Some will have their color altered, usually lightened. Others,
especially if natural unheated stones (more costly, don’tcha know…)
may have inclusions that themselves cannot stand heat.

Perhaps the single most costly gem I ever destroyed at the bench was
an 8+ carat beautiful heart shaped ceylon sapphire. Lovely color,
natural, unheated, etc. It was in a nice hand made platinum mounting,
but the diamond setter who’d done the pave setting in the surrounding
border had missed with a drill bit, visibly nicking one of the
supporting underwires. Now, I knew I couldn’t go near this with
platinum solder. But I thought that with a tiny flame, and great
care, I might safely flow a little easy white gold solder into the
nick to hide the blemish. This, I did, having coated the whole piece
with boric acid to protect the diamonds. The flame was kept well
clear of the sapphire, which never got even hot enough to even begin
to glaze over the boric acid coating (which I’d not removed, since I
knew I wouldn’t be getting it that hot.) Heating was gentle, and
cooling was slow as well. After it had cooled to the touch, pickling
revealed that the damn sapphire had fractured, literally splitting
the poor thing in half. Closer examination (which in hindsight I
should have done well before agreeing to try and fix the nick) showed
that I’d missed seeing an almost invisible (face up with a loupe) but
fairly substantial, fluid filled inclusion within the sapphire. The
stone hadn’t needed to get all that hot. Just hot enough to turn that
water (or whatever it was) to steam, (or whatever), thus creating
pressure and fracturing the stone. Boom. 8 grand down the drain.
That’s serious money now, but in the mid 90s, when I did this, it
was worth a good deal more. My boss at the time had a devil of a time
finding a replacement. Took a trip to the Tucson show for just
that… I doubt she’s ever forgotten the incident. I know I haven’t.
And bless her soul, though she was furious/frantic/etc, she didn’t
fire my butt… Or make me buy the replacement (which I could never
have done anyway.) I was one sheepish remorseful jeweler/gemologist,
I can tell you…

Lesson learned. Never assume ANY stone is safe to heat unless you
know you can easily afford to replace it yourself without any fuss
and nobody will mind if you have to do so. And with more costly ones,
perhaps an inspection with a loupe is NOT enough. Use, or borrow, or
have someone else examine the stone with, a microscope. Carefully.

And then, back to CZs, there are the ones where nothing at all
happens to the polish, or the surface. But the body color changes to
yellow and doesn’t come back as it cools. Who knows what the heck is
happening there. I’m guessing something to do with the particular
stabilizer used in that CZ, but who knows.
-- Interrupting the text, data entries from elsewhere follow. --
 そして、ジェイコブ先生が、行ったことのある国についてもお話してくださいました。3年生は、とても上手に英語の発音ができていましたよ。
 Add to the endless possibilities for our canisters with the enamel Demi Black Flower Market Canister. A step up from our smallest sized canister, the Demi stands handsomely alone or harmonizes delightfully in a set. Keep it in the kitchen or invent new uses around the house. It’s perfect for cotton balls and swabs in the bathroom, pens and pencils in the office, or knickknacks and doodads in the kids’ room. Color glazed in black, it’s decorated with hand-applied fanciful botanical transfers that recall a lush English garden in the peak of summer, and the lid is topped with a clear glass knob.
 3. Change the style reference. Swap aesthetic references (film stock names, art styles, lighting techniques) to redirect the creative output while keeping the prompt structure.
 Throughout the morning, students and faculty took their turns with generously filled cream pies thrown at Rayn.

Also, make sure to air cool the piece after completing the solder
operation, as the thermal shock will shatter the stone. 
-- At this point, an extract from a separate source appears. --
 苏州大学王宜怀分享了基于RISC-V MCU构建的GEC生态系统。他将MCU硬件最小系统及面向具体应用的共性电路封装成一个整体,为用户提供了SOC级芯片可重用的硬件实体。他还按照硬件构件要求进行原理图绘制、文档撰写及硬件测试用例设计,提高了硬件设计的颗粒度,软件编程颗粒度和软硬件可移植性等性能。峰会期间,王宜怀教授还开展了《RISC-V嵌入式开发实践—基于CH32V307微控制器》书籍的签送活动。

That is certainly true. In spades.

Peter Rowe

I have never had any problems casting CZ’s in Bronze, Silver or Art
glass.

This is with 25 pound sculpture and jewelry scale pieces in bronze
and jewelry scale in the other two. Ceramic shell in the larger
bronzes - plaster based in the others. With the metals the molds
started started hot but they had been thru a burn out -
vitrification. Metal parts were allowed to cool down without
quenching. Glass was kiln cast in mold starting cold - glass melted
in place -with a normal glass annealing cycle. Every cast worked.
the CZ’s are trapped in the mold and do not fuse.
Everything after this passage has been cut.